Pasteurella canis includes two biotypes: biovar 1 originated from canines, whereas biovar 2 originated from bovines. The two biotypes are distinguishable from an indole test: biovar 1 is indole positive whereas biovar 2 is indole negative.

==Microbiology==
Pasteurella canis is a Gram-negative coccobacillus that shows bipolar staining. P. canis forms small, grey-colored, round, and smooth colonies. Colonies are non-haemolytic. P. canis is non-motile.

Pasteurella canis is reported as aerobic and facultative anaerobic in different sources. It metabolizes both glucose and sucrose. In addition to morphological typing, biochemical tests are commonly used to identify the species. P. canis is positive for catalase, oxidase, and ornithine decarboxylase, but negative for lysine decarboxylase, V-factor (nicotinamide adenine dinucleotide), D-mannitol, dulcitol, D-sorbitol, urease, maltose, and L-arabinose. P. canis can also be indole positive or negative depending on the biotype.

==Molecular typing==
Molecular analysis of the genome has become the popular method to identify bacteria. The genome of P. canis has yet to be fully sequenced, but several genes and their sequences were already identified. Among them, 16S rRNA, 23S rRNA, RNA polymerase subunit B (rpoB), and manganese-dependent superoxide dismutase (sodA) are used to study Pasteurella phylogeny. However, molecular and biochemical analyses often show conflicting results. For example, research has suggested some P. canis strains were in fact members of P. multocida based on DNA analysis. Phylogenetic analysis of P. canis and P. dagmatis also showed conflicting results, based on their 16s rRNA sequences and biochemical tests done on the strains.

==Disease==
Pasteurella canis is an opportunistic pathogen that can infect both animals and humans.

===Animal infections===
Pasteurella canis can be found in healthy domesticated, farm-raised, and wild animals, such as dogs, cats, rabbits, horses, sheep, cattle, ferrets, deer, and even California sea lions. The bacteria are normally isolated from the oral cavities and respiratory tracts of these animals. P. canis biotype 1 was shown to secrete a toxin analogous to P. multocida toxin, but its identity is unknown. P. canis is responsible for a number of canine infections, including systemic infection, external otitis, bacterial rhinitis, vertebral osteomyelitis, meningomyelitis (a type of myelitis), bronchopneumonia, tracheitis, paranasal sinus inflammation, and toxicosis. Horses infected with the bacteria may develop arthritis. The bacteria also cause pneumonia in cattle and various infections in sheep, cats, rabbits, and deer.

===Human infections===
Pasteurella canis usually does not affect humans but may be transmitted from animals to humans through animal bites, scratches, or licking over wounds. However, some patients developed infections without any scratches and puncture wounds.
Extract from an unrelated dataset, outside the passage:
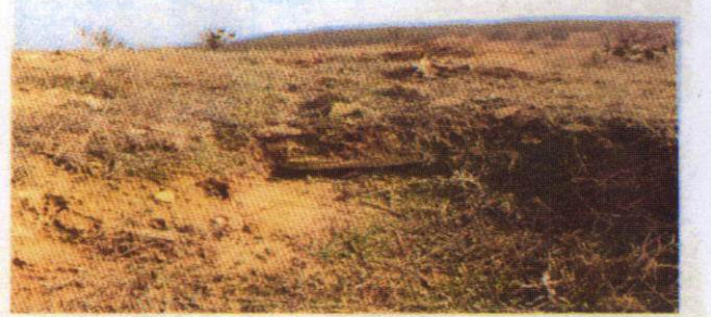
Kirantarla Nekropolünün kaçak kazılarla tahrip edilen mezarlardan görüntü (res; 3,4,5 ve 6)

T.C KÜLTÜR VE TURİZM BAKANLIĞI Kütahya Kültür Varlıklarını Koruma Bölge Kurulu Müdürlüğü
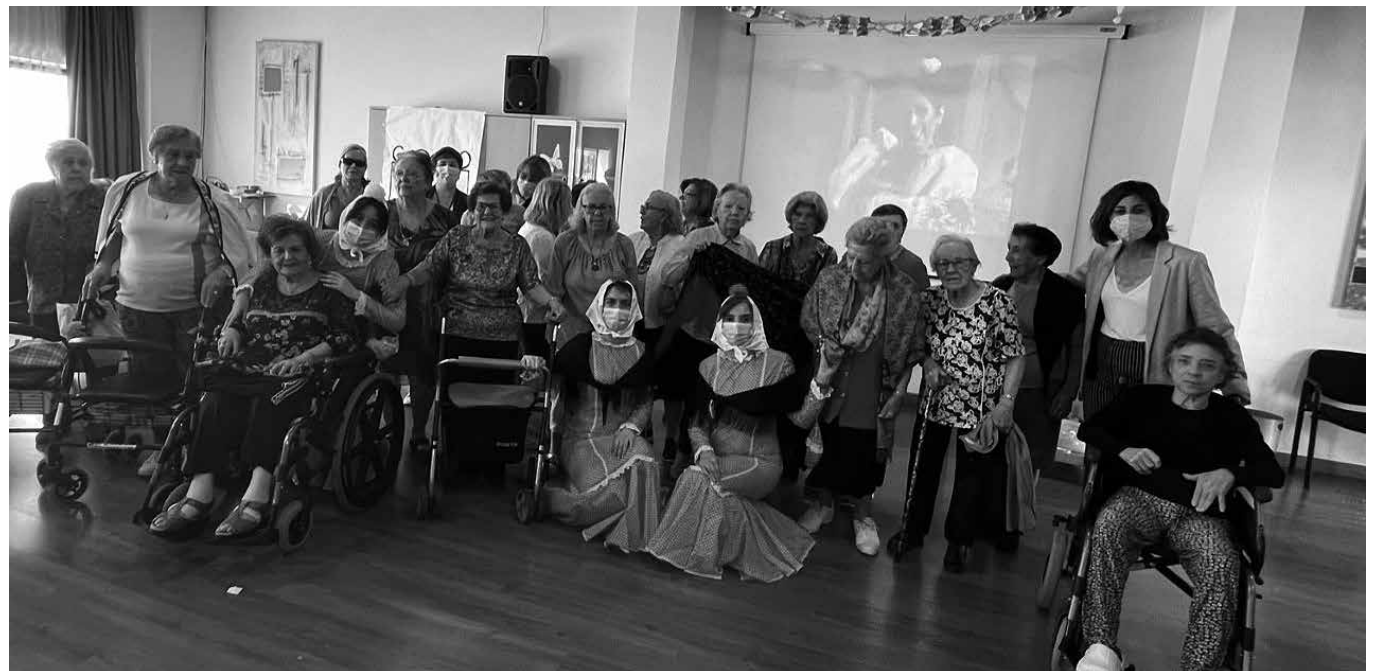
Celebración de San Isidro.

Como cada 15 de mayo celebramos San Isidro trayendo la pradera a nuestro jardín. Disfrutamos del buen tiempo, de la música de organillo y chotis, de una rica limonada y de las clásicas rosquillas listas y tontas. Este año, como dato curioso, os contamos que, se dice que la primera persona que empezó a realizar este rico dulce fue la “tía Javiera”, una mujer de Fuenlabrada que empezó a hacerlas en el siglo XVIII para luego venderlas en Madrid ese día. Y, por otro lado, ¿quiénes eran en realidad las chulapas y los chulapos? Pues las chulapas eran las típicas planchadoras de las Cavas, modistas, fruteras, floristas, cigarreras y lavanderas, de carácter enérgico y alegre. Por su parte, los chulapos tenían un toque de golfería, que en ocasiones rondaba el mundo de la delincuencia. Otra curiosi-

In one case, a patient exposed to rabbit secretions was infected with P. canis. Those with rheumatoid arthritis, cirrhosis, and diabetes mellitus are more susceptible to the bacteria. Patients who are immunocompromised also have higher risk of infections.
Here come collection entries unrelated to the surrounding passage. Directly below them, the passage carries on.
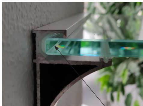
Figur 2. Gummiliste
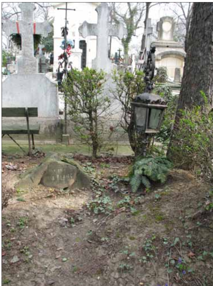
Fig. 9. Piatra de mormânt a lui Louis Blanc
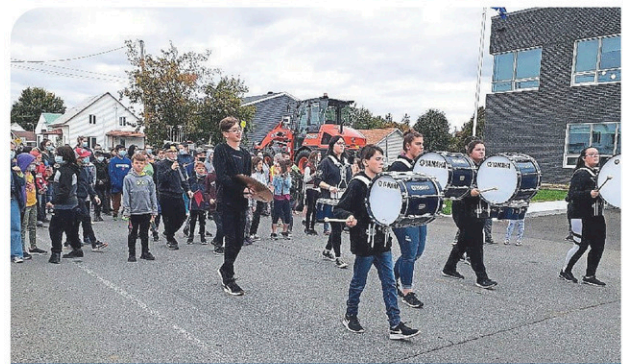
École Marquis Nouveauté et défis au menu! PAGE 13
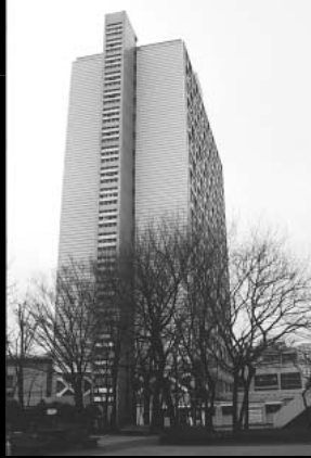
早稲田大学理工学部 プロフィール 所在地 東京都新宿区大久保3-4-1

Pasteurella canis often causes soft-tissue infections and wound infections, as well as systemic bacteremia in humans. These infections include peritonitis, conjunctivitis, osteomyelitis, and arthritis. Joint prosthetics can also be infected by the bacteria. Less commonly, this bacterium may result in respiratory infections, septic arthritis, endocarditis, and meningitis. Most patients with pulmonary infections caused by this species are elderly with pre-existing chronic lung diseases such as COPD.
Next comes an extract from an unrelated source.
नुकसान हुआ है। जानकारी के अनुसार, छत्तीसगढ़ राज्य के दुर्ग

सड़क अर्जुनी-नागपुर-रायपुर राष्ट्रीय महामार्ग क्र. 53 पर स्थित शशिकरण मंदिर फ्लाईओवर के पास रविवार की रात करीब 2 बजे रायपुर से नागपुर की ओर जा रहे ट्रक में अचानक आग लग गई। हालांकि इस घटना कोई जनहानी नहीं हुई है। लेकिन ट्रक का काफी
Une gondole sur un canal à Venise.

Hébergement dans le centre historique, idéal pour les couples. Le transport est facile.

==Antibiotics treatment and resistance==
Many common antibiotics can successfully treat P. canis infections in both humans and animals. P. canis has shown sensitivity to ampicillin (penicillin), cefuroxime (second-generation cephalosporin), most third-generation cephalosporins (cefixime, cefotaxime, ceftriaxone, and cefoperazone), ciprofloxacin (quinolones), trimethoprim/sulfamethoxazole (sulfonamides), chloramphenicol, most aminoglycosides, and tetracycline. However, the bacterium is also resistant to numerous drugs, such as dicloxacillin (penicillin), some aminoglycosides (spectinomycin and neomycin), vancomycin (glycopeptides), cephalexin and cefadoxil (first-generation cephalosporin), erythromycin (macrolides), and imipenem (carbapenem).